If anyone thinks it’s awkward for Salem to give orders to former bosses, they weren’t around here when Nick Saban was giving orders to his former boss at the Naval Academy, Gary Tranquill. It’s part of coaching.

Salem was a graduate assistant back then at Michigan State, by the way.

“You grow up as a kid, the son of a coach, and you see your brother go through it and my dad,” Salem said of changing jobs and roles. “You can’t control what happens in the coaching profession in terms of when and where.

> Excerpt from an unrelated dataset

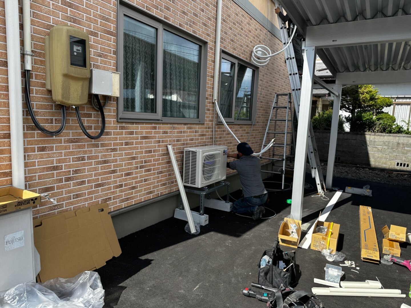 配管もまっすぐ下に降りていて、室外機も真っ直ぐ水平に並んでいて、最高の仕上がりですね〜😳

“I was Coach Bollman’s G.A. in 1995 and have worked with everybody in the room so there are friendships and relationships there. I will say that I don’t know if this can be done at many places but it can be done here - partially because there are not the egos in the room. We know that we have to do it together. We know that we have to rely on each other. The moves have kind of spurred all of us, coaching different positions, and really to narrow down our focus on what we need to accomplish on offense.”

The rebuild is heading into its eighth month.

“The situation came up in January,” Salem said of the coaching changes and his new assignment, “so we were able to thoughtfully go through it together. We researched through the whole off-season: What are things that schematically fit the people that we have? Everything from formationally to offensive structure and plays. And obviously we have to teach that, and move forward every single day.”

Translation: Salem isn’t arrogant to think that his X’s and O’s will work regardless of who are the Jimmies and Joes.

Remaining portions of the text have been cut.